━━ Supplied data ━━
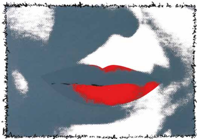
Szőnyi Krisztina: Az enyém... A szájam , 2018
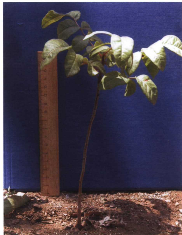
Cornicabra de un crecimiento (una savia)

Al principio de la primavera eliminaremos los brotes laterales en los primeros 20-40cm. Inicialmente no se ne-
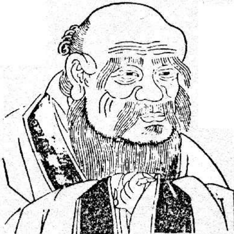
Hình 8. LÃO TỬ
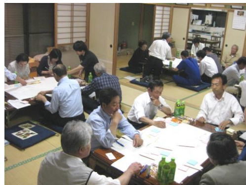
まちづくり座談会（荒川公会堂）
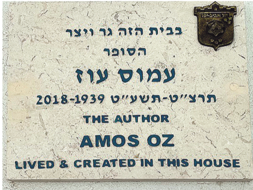
写有“作家阿摩司·奥兹(Amos Oz, 1939-2018)在这所房子里生活,并从事创作”的标牌

今年7月20日,即将离开特拉维夫的那天,我乘坐出租车前往坐落在列维坦大街的奥兹寓所。以色列的出租司机大多比较健谈,边开车边指点我一些标志性建筑。车子行驶到泰戈街,他说以色列前国家领导人拉宾和佩雷斯都住在附近。我也积极地予以回应,说自己当年就是在位于泰戈街的Ulpan接受的希伯来语启蒙教育。当然,我也清晰地记得奥兹告诉我如何从大学走到他家的情景。从泰戈街再拐过去,便是奥兹家人居住的那条街。公寓楼前挂着一个简朴的标牌,上面写着“作家阿摩司·奥兹(Amos Oz, 1939-2018)在这所房子里生活,并从事创作”。
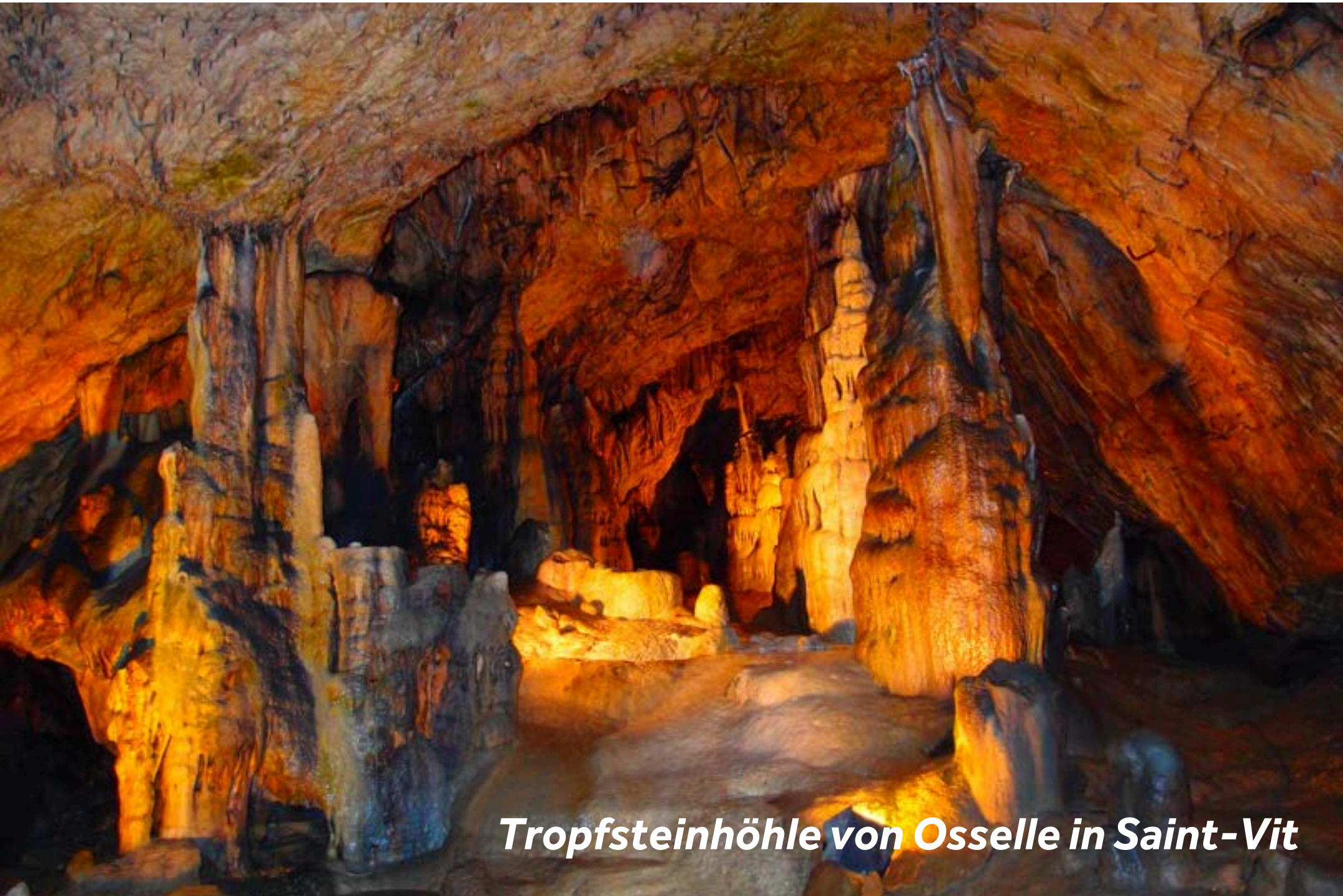
Tropfsteinhöhle von Osselle in Saint-Vit

Die kleine Stadt ist bekannt für ihre Tropfsteinhöhle von Osselle (3km von der Anlegestelle entfernt). Spazieren Sie entlang der vorgefertigten Wege und bewundern Sie die Vielfalt der Kristallgebilde mit ihren außergewöhnlichen Farbspielen, Stalaktiten, Stalagmiten und anderen geologischen Kuriositäten. In der Nähe des Flusses Doubs befindet sich zudem ein See mit Sandstrand, Wasserrutsche, Kinderspielplatz sowie Volleyball- und Boule-Plätzen.
━━━
## Your task
Without any pictures, print the whole listing again exactly as it stands.

## Result
Szőnyi Krisztina: Az enyém... A szájam , 2018
Cornicabra de un crecimiento (una savia)

Al principio de la primavera eliminaremos los brotes laterales en los primeros 20-40cm. Inicialmente no se ne-
Hình 8. LÃO TỬ
まちづくり座談会（荒川公会堂）
写有“作家阿摩司·奥兹(Amos Oz, 1939-2018)在这所房子里生活,并从事创作”的标牌

今年7月20日,即将离开特拉维夫的那天,我乘坐出租车前往坐落在列维坦大街的奥兹寓所。以色列的出租司机大多比较健谈,边开车边指点我一些标志性建筑。车子行驶到泰戈街,他说以色列前国家领导人拉宾和佩雷斯都住在附近。我也积极地予以回应,说自己当年就是在位于泰戈街的Ulpan接受的希伯来语启蒙教育。当然,我也清晰地记得奥兹告诉我如何从大学走到他家的情景。从泰戈街再拐过去,便是奥兹家人居住的那条街。公寓楼前挂着一个简朴的标牌,上面写着“作家阿摩司·奥兹(Amos Oz, 1939-2018)在这所房子里生活,并从事创作”。
Tropfsteinhöhle von Osselle in Saint-Vit

Die kleine Stadt ist bekannt für ihre Tropfsteinhöhle von Osselle (3km von der Anlegestelle entfernt). Spazieren Sie entlang der vorgefertigten Wege und bewundern Sie die Vielfalt der Kristallgebilde mit ihren außergewöhnlichen Farbspielen, Stalaktiten, Stalagmiten und anderen geologischen Kuriositäten. In der Nähe des Flusses Doubs befindet sich zudem ein See mit Sandstrand, Wasserrutsche, Kinderspielplatz sowie Volleyball- und Boule-Plätzen.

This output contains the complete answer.